Security is defined at the boundary, not inside the model
In the AgLabs architecture, agents do not have open-ended access to internal systems.
They operate within explicit, pre-defined data scopes.
Before any interaction begins:
Each organisation defines what data can be shared
For a given submission or business line, a bounded dataset is exposed
The agent can only operate within that dataset
This means:
There is no ‘hidden’ database to exfiltrate
There is no broader system access to escalate into
There is no “surprise” data beyond what was already in scope
In other words, even if an agent is manipulated, it cannot exceed the permissions of the interaction.
The real control point: who is allowed to talk to your agent
This leads to the most important security principle our A2A approach: security is primarily about connection control, not prompt control.
Control layer | What it governs |
|---|---|
Identity | Who the counterparty is |
Permissions | What they are allowed to do |
Scope | What data is exposed |
Context | When and why interaction is allowed |
At AgLabs, this is handled through granular, permissioned connectivity:
Agents only communicate with approved counterparties
Permissions can be scoped by:
Organisation
Team
Line of business
Active commercial relationships (e.g. TOBAs)
All communication is authenticated and authorised (tokens, credentials, etc.)
If an agent is not explicitly trusted: it cannot connect. Full stop.
What about unauthorised access?
The question then becomes familiar:
“What if someone gains access to an agent they shouldn’t have access to?”
At that point, we are no longer in “Agentic AI risk”.
We are in well-known security territory:
Risk | Equivalent in traditional systems |
|---|---|
Agent impersonation | Stolen API credentials |
Data access abuse | Database breach |
Unauthorised calls | API misuse |
Mitigations are well understood:
Strong authentication
Short-lived credentials
Audit logs
Monitoring and anomaly detection
In other words, the risk is not new. The interface is.
Why the lethal trifecta doesn’t apply (in the same way)
Element | Traditional AI systems | AgLabs A2A model |
|---|---|---|
Sensitive data | Broad, often implicit access | Explicit, scoped per interaction |
External communication | Open-ended (APIs, web, plugins..) | Only with authorised counterparties |
Untrusted input | Open-ended (users, web, files) | Restricted to authorised agents |
The issue is not whether the three elements exist - they do!

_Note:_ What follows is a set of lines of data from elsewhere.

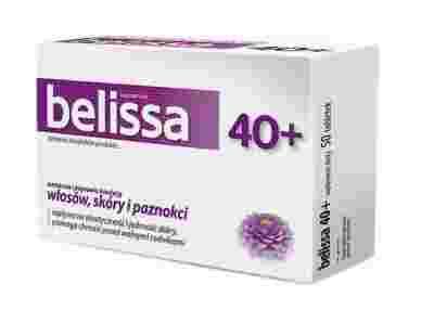 Belissa 40+ suplement diety to pierwszy preparat stworzony z myślą o kobietach dojrzałych. Dzięki zawartości skrzypu polnego wzmacnia i poprawia kondycję włosów, skóry i paznokci. Dodatkowo zawiera L-cysteinę, L-metioninę, koenzym Q10 oraz kolagen [hydrolizat białek kolagenowych], który pomaga zachować jędrność i elastyczność skóry.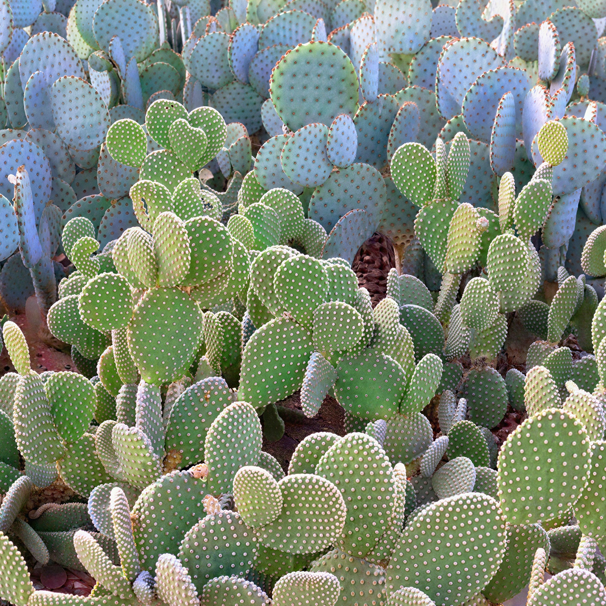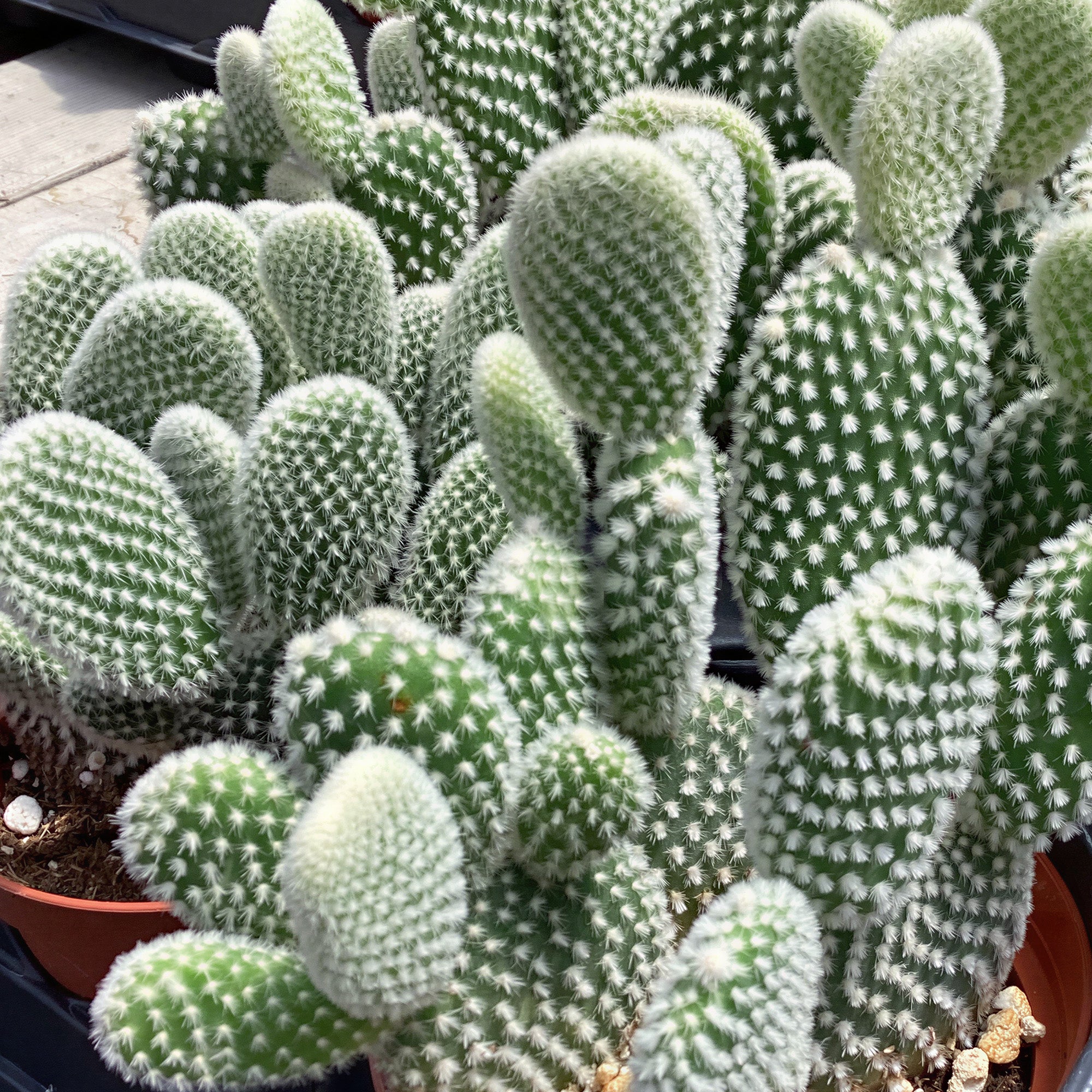 Opuntia microdasys 'Albispina' is a stunning variety of the Bunny Ears cactus that features white glochids instead of the traditional yellow, giving the plant a soft, snowy polka-dot effect. It provides a lighter aesthetic that contrasts beautifully with darker green plants. Like its cousin, the soft look is deceptive, and it must be handled with tongs to avoid the irritating bristles.
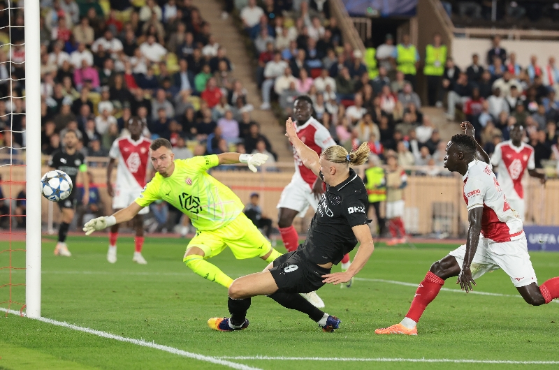 Erling Haaland attacks the Monaco goal.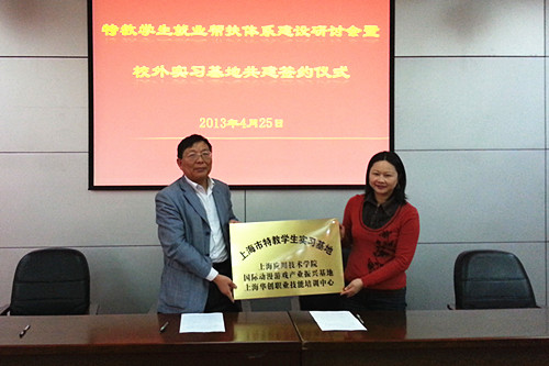 会上,还举行了高校与用人单位校外实习基地签约授牌仪式。我校与国际动漫游戏产业振兴基地教育培训中心、上海华创职业技能培训中心共建签约。上海师范大学与上海乐爱社工师事务所、上海静安区静安寺街道阳光助残社工师事务所两家单位共建签约。上海第二工业大学与上海京沪商标专利事务所共建签约。各签约单位双方均表示诚信互助,共建共荣,努力打造一流特教学生校外实习基地。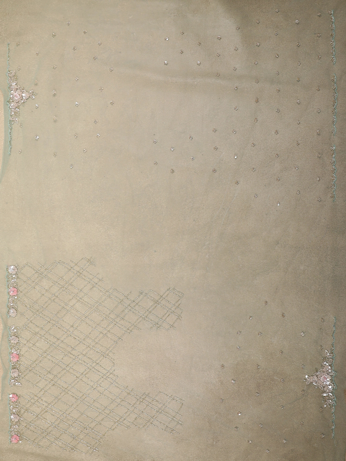 Crafted in soft, sheer net fabric, the saree is beautifully enhanced with intricate floral embroidery, highlighted using shimmering sequins, fine beads, and subtle thread work. The all-over diamond lattice pattern adds depth and texture, while the floral embellishments are thoughtfully placed to create a graceful flow along the drape.
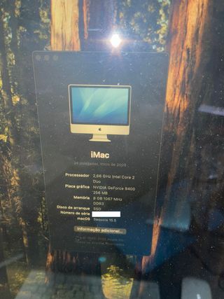 Computador iMac de 24 polegadas, modelo de 2009, com instalação do OpenCore. Tem instalado o macOS Sequoia 15.5 - Através de Open Core Com SSD 240GB 8GB RAM Teclado BT Magic Mouse BT Inslcui o Office 2021 MAC Photoshop 2020 Ainda é usado no dia a dia... - Cor: Prata e branco. - Tela de 24 polegadas - Os Brancos já estão meio bege... mas tudo a funcionar normalmente... - Ideal para quem busca um sistema customizado.

The issue is whether they can be combined in a way that allows an attacker to extract new information or trigger unintended behaviour.
In the AgLabs A2A model:
Inputs only come from authorised counterparties
The agent only has access to pre-approved, scoped data for that interaction
External communication is limited to those same counterparties
Therefore, there is no path to extract data beyond what was already intentionally shared within that relationship.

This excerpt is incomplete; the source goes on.